## Task requirements
When you transcribe the entries below, begin at their first line and stop after the line containing "基本同上,但不要使用火箭!你"; pictures stay out.
Top of Exercise input
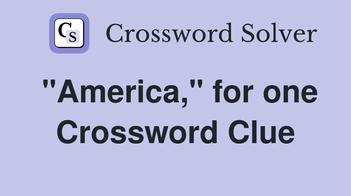 quot America quot for one Crossword Clue Answers Crossword Solver
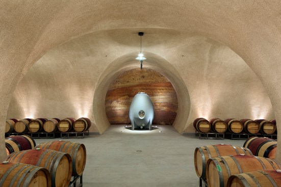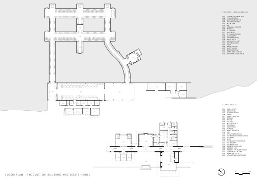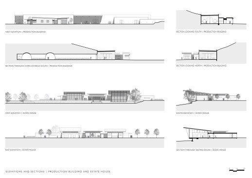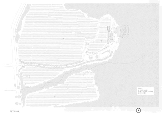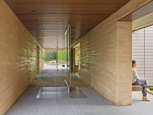 The winery, a pre-engineered steel structure, reinforces the linear process of winemaking, from fruit-in to bottles-out. Tucked into the mountain and with a green roof above, the structure is clad in soil for natural thermal protection. The green roof is pulled back from the perimeter walls allowing natural light to filter in reducing the requirement of artificial lighting. The 25’ PISE wall facing the Estate House is made of the same soil from the site as the rammed-earth walls. The wall also provides a backdrop to the Vintner’s Wing housing the winemaking staff and their support functions.
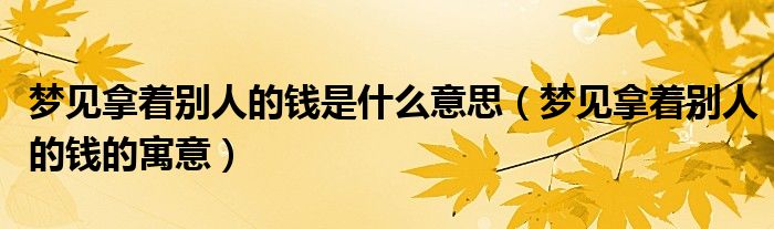 各位网友们好,我是编辑小虎,为大家解答梦见拿着别人的钱是什么意思,梦见拿着别人的钱的寓意问题。一起往下看看
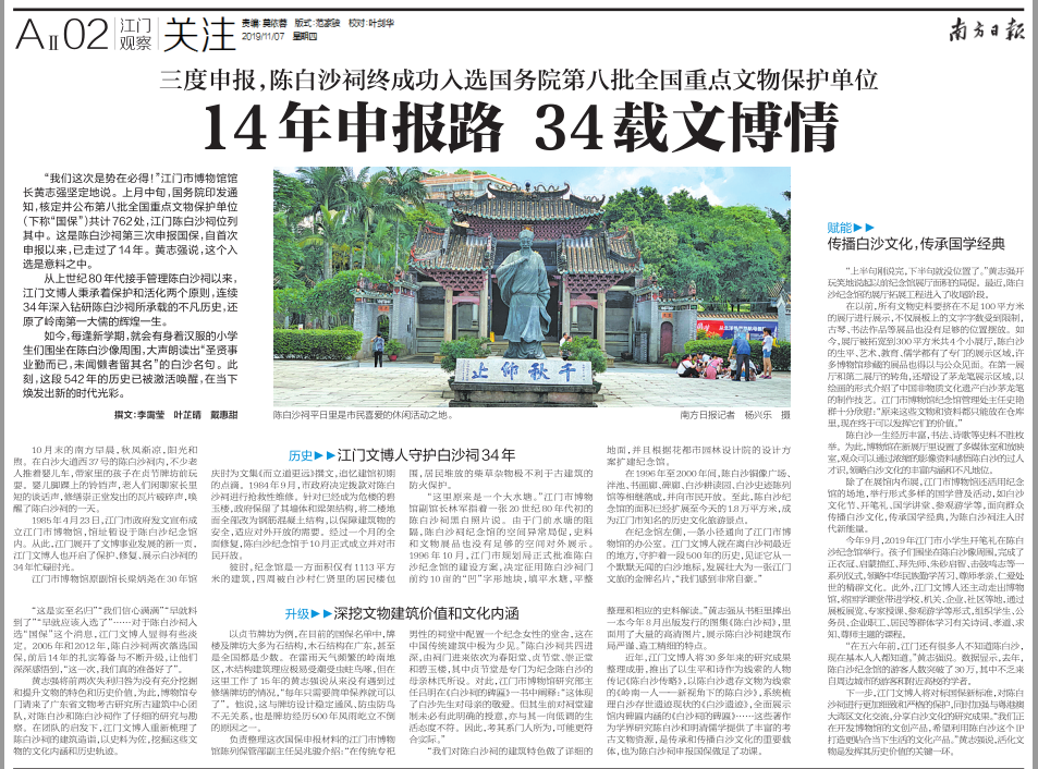“这是实至名归”“我们信心满满”“早就料到了”“早就应该入选了”……对于陈白沙祠入选“国保”这个消息,江门文博人显得有些淡定。2005年和2012年,陈白沙祠两次落选国保,前后14年的扎实筹备与不断升级,让他们深深感悟到,“这一次,我们真的准备好了”。
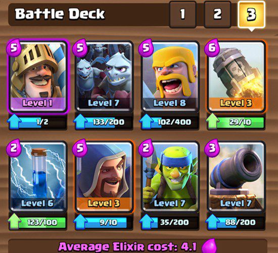 基本同上,但不要使用火箭!你可以用上述的选项1或者2推倒一座塔,然后防守。我通常会放下一个加农炮,并用哥布林投矛手保护它不受对手的组合伤害。在对手的推进部队身后放下野蛮人,迫使它们掉头冲锋,然后用亡灵大军干掉它们。
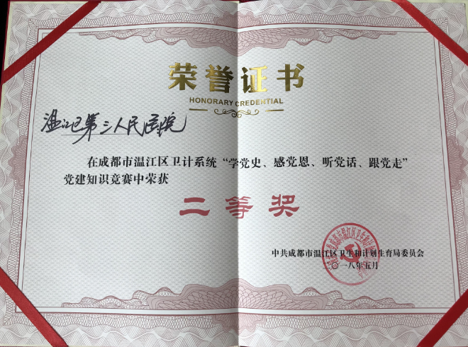 成都市温江区第三人民医院荣获“学党史、感党恩、听党话、跟党走”      党建知识竞赛二等奖
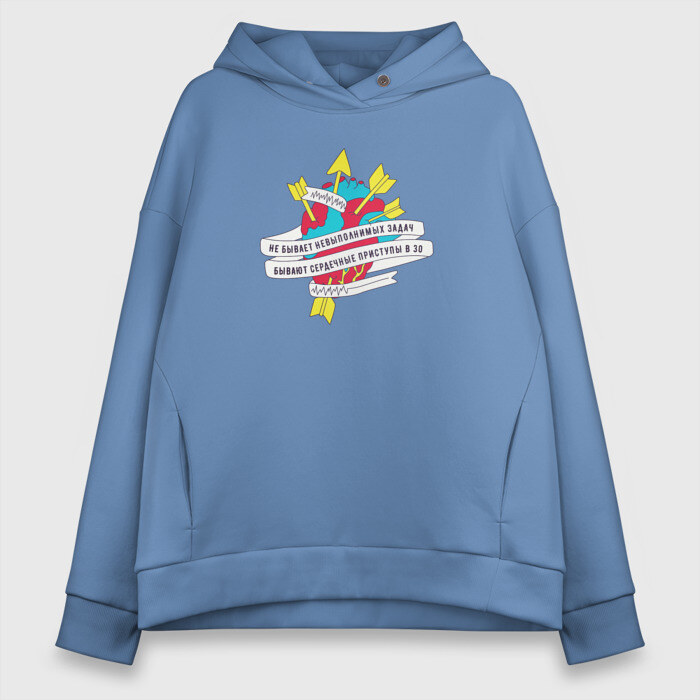 Женское худи Oversize хлопок Эмблема трудоголиков
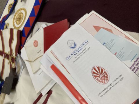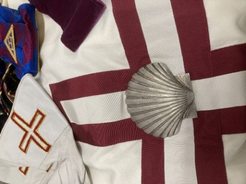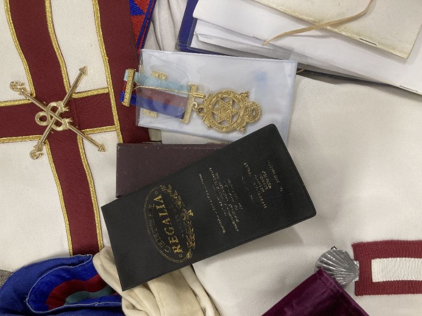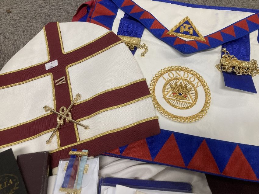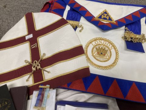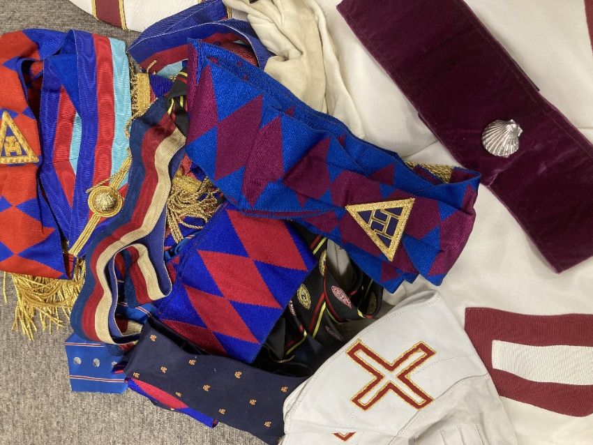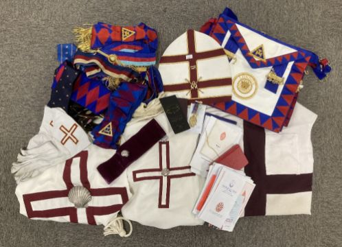 Masonic interest, 1no. bag containing articles of wear including a Holy Royal Arch Knights Templar sleeveless tunic tabard, white with maroon cross, white full-length, long-sleeved undergarmet, High Priest Mitre, white with maroon cross and gold coloured croziers, white tunic with maroon cross and white metal shell badge for the Commemorative Order of St. Thomas of Acon, white hooded cloak, several aprons with attachments, including for London and Sussex, a pair of white leather glove gauntlets with red and gold crosses, 4no. ties with various Masonic motifs, several sashes in various colours and mostly having gilt jewels, Masonic literature and pamphlets, rules, rituals etc. 3no. gilt medals and/or jewels in cases/packets.(Lot)
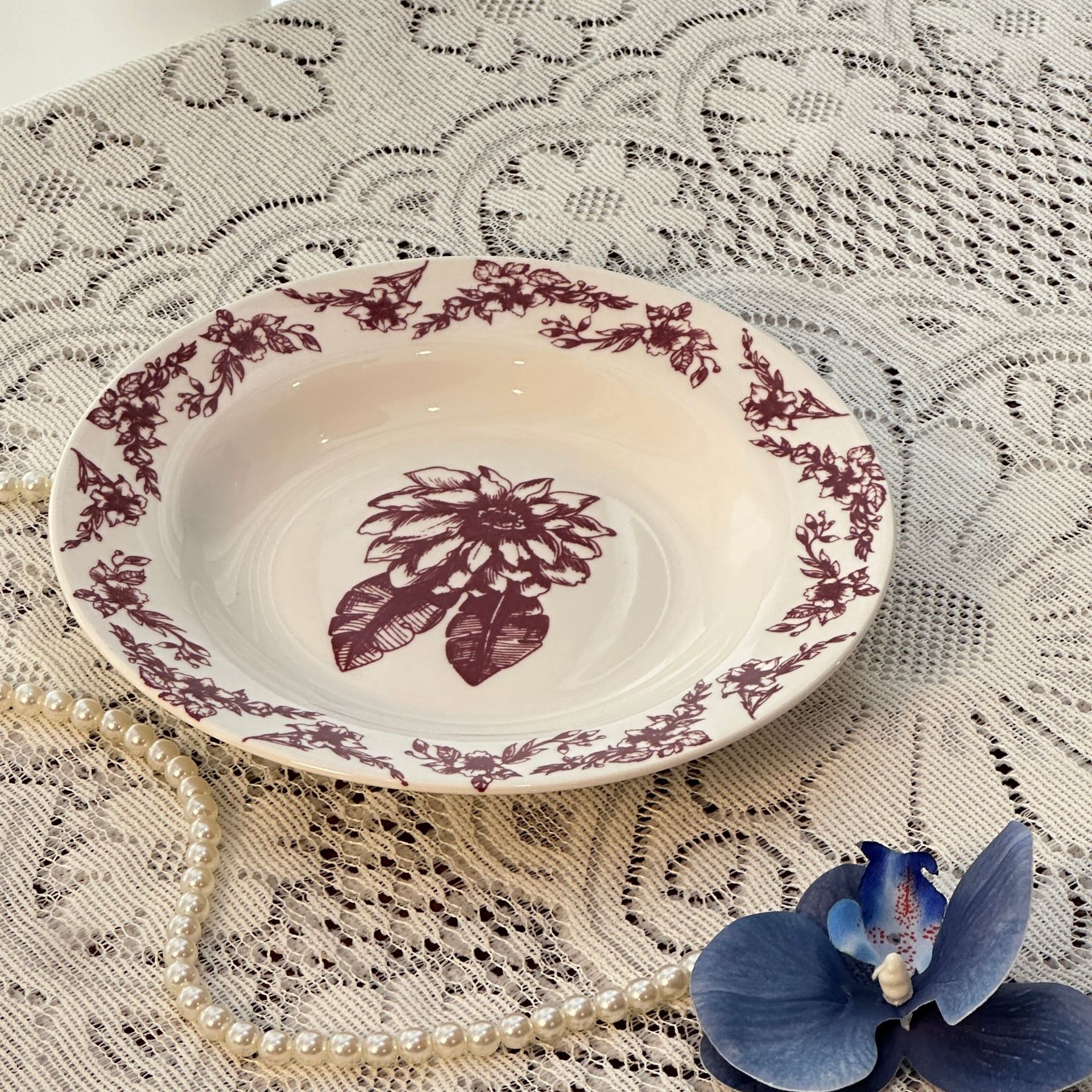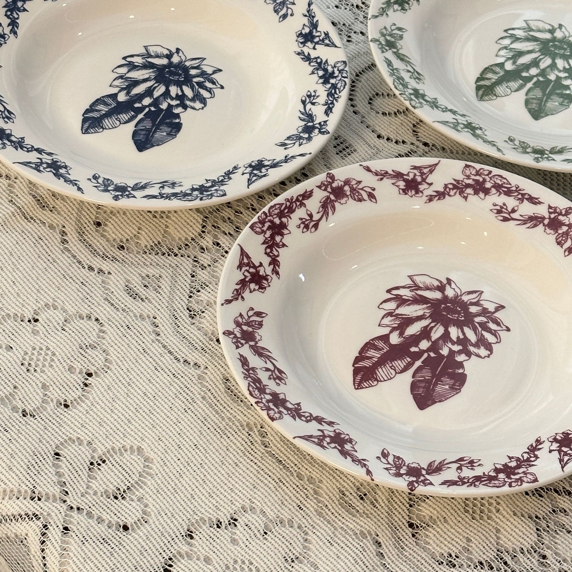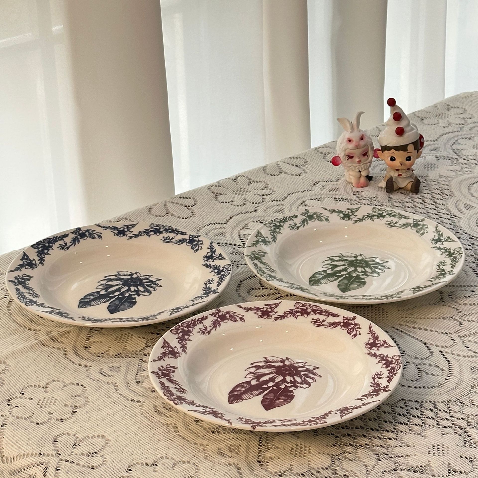 Underglaze Color Flower Creek 새로운 뼈 중국 수프 플레이트 접시 아침 식사 플레이트 레트로 웨스턴 플레이트 마이크로파 세라믹 플레이트 호텔 가정용스토어 가기
Bottom of Exercise input
## Exercise answer
 quot America quot for one Crossword Clue Answers Crossword Solver
 The winery, a pre-engineered steel structure, reinforces the linear process of winemaking, from fruit-in to bottles-out. Tucked into the mountain and with a green roof above, the structure is clad in soil for natural thermal protection. The green roof is pulled back from the perimeter walls allowing natural light to filter in reducing the requirement of artificial lighting. The 25’ PISE wall facing the Estate House is made of the same soil from the site as the rammed-earth walls. The wall also provides a backdrop to the Vintner’s Wing housing the winemaking staff and their support functions.
 各位网友们好,我是编辑小虎,为大家解答梦见拿着别人的钱是什么意思,梦见拿着别人的钱的寓意问题。一起往下看看
“这是实至名归”“我们信心满满”“早就料到了”“早就应该入选了”……对于陈白沙祠入选“国保”这个消息,江门文博人显得有些淡定。2005年和2012年,陈白沙祠两次落选国保,前后14年的扎实筹备与不断升级,让他们深深感悟到,“这一次,我们真的准备好了”。
 基本同上,但不要使用火箭!你可以用上述的选项1或者2推倒一座塔,然后防守。我通常会放下一个加农炮,并用哥布林投矛手保护它不受对手的组合伤害。在对手的推进部队身后放下野蛮人,迫使它们掉头冲锋,然后用亡灵大军干掉它们。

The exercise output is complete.